How do we preserve this information about what encoding a string uses? Well, there are standard ways to do this. For an email message, you are expected to have a string in the header of the form

Content-Type: text/plain; charset="UTF-8"

For a web page, the original idea was that the web server would return a similar Content-Type http header along with the web page itself -- not in the HTML itself, but as one of the response headers that are sent before the HTML page.

This causes problems. Suppose you have a big web server with lots of sites and hundreds of pages contributed by lots of people in lots of different languages and all using whatever encoding their copy of Microsoft FrontPage saw fit to generate. The web server itself wouldn't really know what encoding each file was written in, so it couldn't send the Content-Type header.
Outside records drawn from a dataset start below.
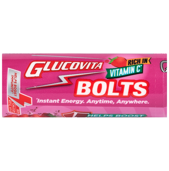 Glucovita Bolts Strawberry Glucovita Bolts are healthy and tasty energy tablets with glucose and iron which gives instant energy to the body and brain. The innovative and attractive pack is easy to carry and use. It contains essential vitamins and minerals that not only provide us instant energy but also help in replenishing minerals and salts in our bodies.
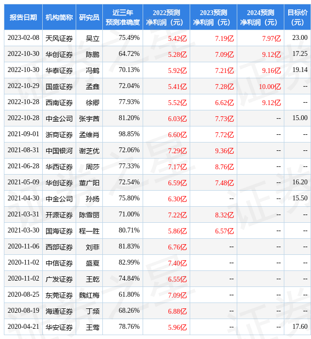 数据中心根据近三年发布的研报数据计算,浙商证券孟维肖研究员团队对该股研究较为深入,近三年预测准确度均值高达98.85%,其预测2022年度归属净利润为盈利6.6亿,根据现价换算的预测PE为22.85。
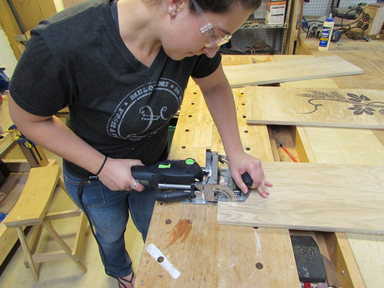 I showed Erin how it worked and let her cut all the mortises, three on each side.
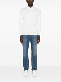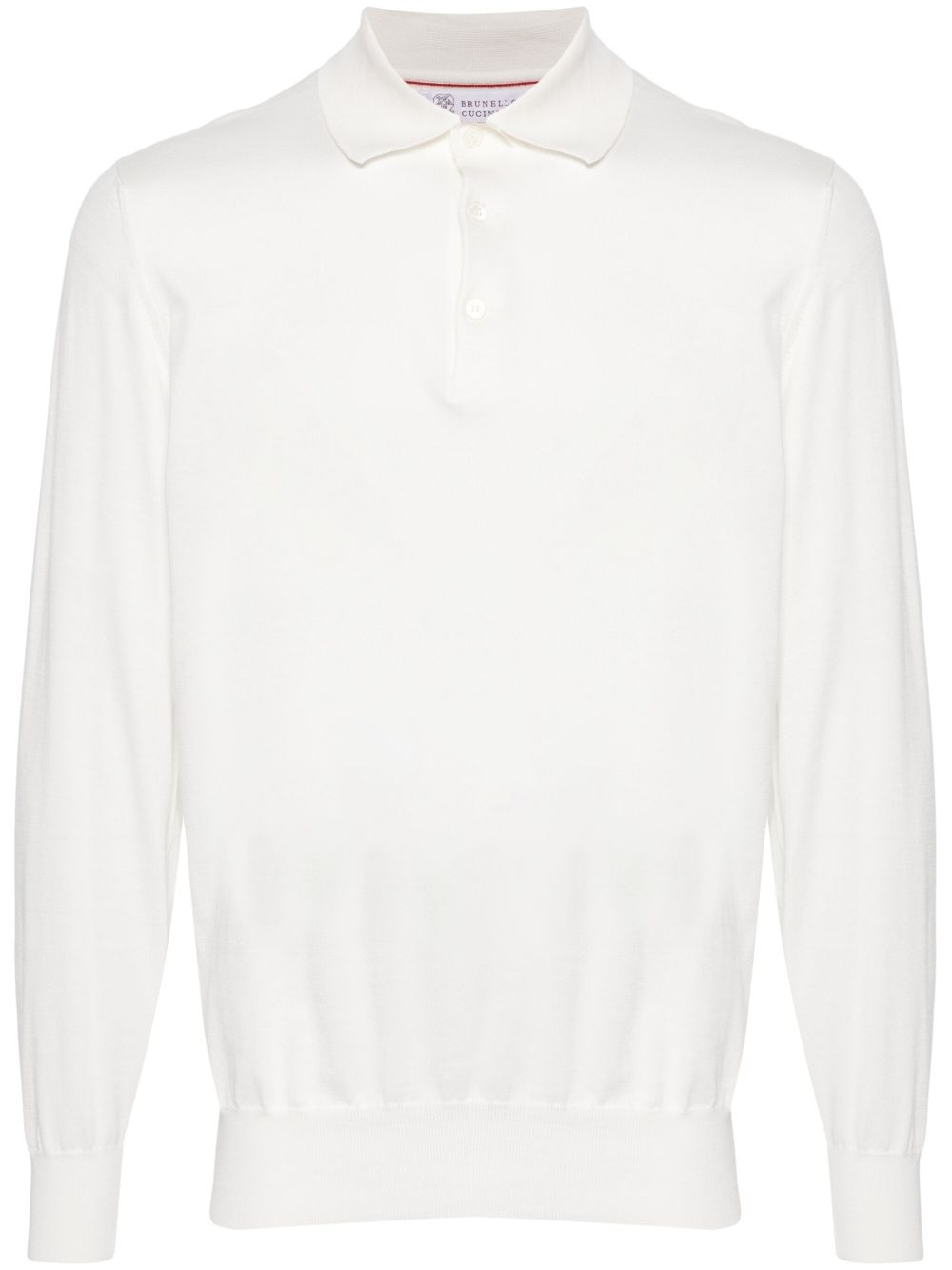 fine-knit cotton polo shirt Highlights - White - Cotton - Fine knit - Polo collar - Front button placket - Long sleeves - Ribbed cuffs and hem Made in Italy Composition Cotton 100% SIZE & FIT Model measurements Height 6 ft 2 in(1.87 m) Bust/Chest 36.41 in(92.5 cm) Hips 37 in(94 cm) Waist 29.52 in(75 cm) FittingInformation Designed for a slim fit, this polo shirt offers a comfortable fit that sits just away from the body The ribbed hem offers a close, comfortable fit Made with a fine knit, this piece offers some stretch This piece fits true to size – take your usual size Washing instructions Hand Wash
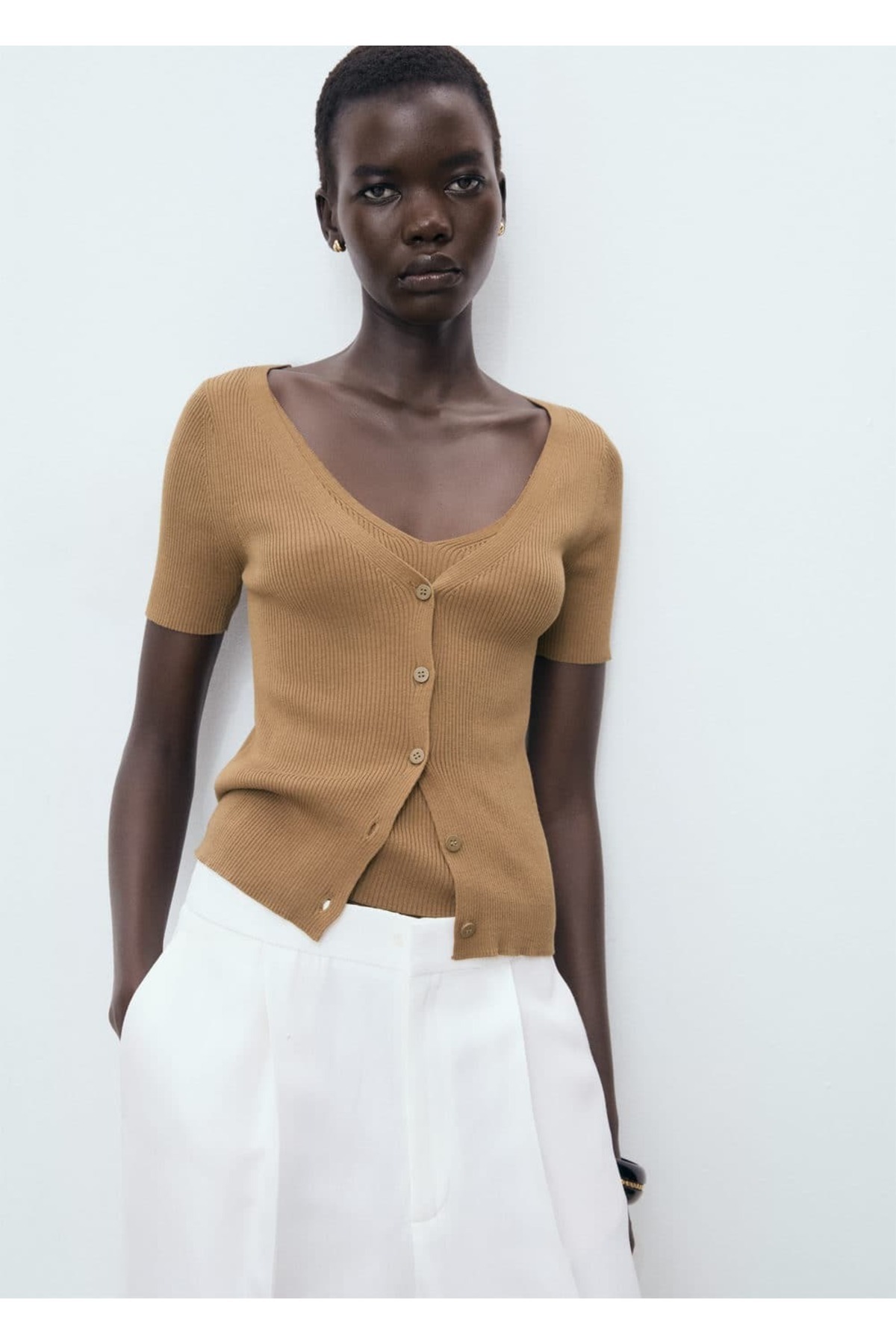 بافت و پلیور زنانه قهوه ای منگوMANGO | 17052901 اورجینال

It would be convenient if you could put the Content-Type of the HTML file right in the HTML file itself, using some kind of special tag. Of course this drove purists crazy... how can you read the HTML file until you know what encoding it's in?! Luckily, almost every encoding in common use does the same thing with characters between 32 and 127, so you can always get this far on the HTML page without starting to use funny letters:

<html>
<head>
<meta http-equiv="Content-Type" content="text/html; charset=utf-8">

But that meta tag really has to be the very first thing in the <head> section because as soon as the web browser sees this tag it's going to stop parsing the page and start over after reinterpreting the whole page using the encoding you specified.
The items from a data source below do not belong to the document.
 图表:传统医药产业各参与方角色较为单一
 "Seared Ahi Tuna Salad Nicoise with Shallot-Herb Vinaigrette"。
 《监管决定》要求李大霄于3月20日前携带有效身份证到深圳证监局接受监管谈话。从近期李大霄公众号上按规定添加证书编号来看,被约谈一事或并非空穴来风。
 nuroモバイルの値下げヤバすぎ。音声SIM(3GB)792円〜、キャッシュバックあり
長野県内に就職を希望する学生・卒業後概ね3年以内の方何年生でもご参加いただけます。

What do web browsers do if they don't find any Content-Type, either in the http headers or the meta tag? Internet Explorer actually does something quite interesting: it tries to guess, based on the frequency in which various bytes appear in typical text in typical encodings of various languages, what language and encoding was used. Because the various old 8 bit code pages tended to put their national letters in different ranges between 128 and 255, and because every human language has a different characteristic histogram of letter usage, this actually has a chance of working. It's truly weird, but it does seem to work often enough that naïve web-page writers who never knew they needed a Content-Type header look at their page in a web browser and it looks ok, until one day, they write something that doesn't exactly conform to the letter-frequency-distribution of their native language, and Internet Explorer decides it's Korean and displays it thusly, proving, I think, the point that Postel's Law about being "conservative in what you emit and liberal in what you accept" is quite frankly not a good engineering principle. Anyway, what does the poor reader of this website, which was written in Bulgarian but appears to be Korean (and not even cohesive Korean), do? He uses the View | Encoding menu and tries a bunch of different encodings (there are at least a dozen for Eastern European languages) until the picture comes in clearer. If he knew to do that, which most people don't.

For the latest version of CityDesk, the web site management software published by my company, we decided to do everything internally in UCS-2 (two byte) Unicode, which is what Visual Basic, COM, and Windows NT/2000/XP use as their native string type. In C++ code we just declare strings as wchar_t ("wide char") instead of char and use the wcs functions instead of the str functions (for example wcscat and wcslen instead of strcat and strlen). To create a literal UCS-2 string in C code you just put an L before it as so: L"Hello".

When CityDesk publishes the web page, it converts it to UTF-8 encoding, which has been well supported by web browsers for many years. That's the way all 29 language versions of Joel on Software are encoded and I have not yet heard a single person who has had any trouble viewing them.

This article is getting rather long, and I can't possibly cover everything there is to know about character encodings and Unicode, but I hope that if you've read this far, you know enough to go back to programming, using antibiotics instead of leeches and spells, a task to which I will leave you now.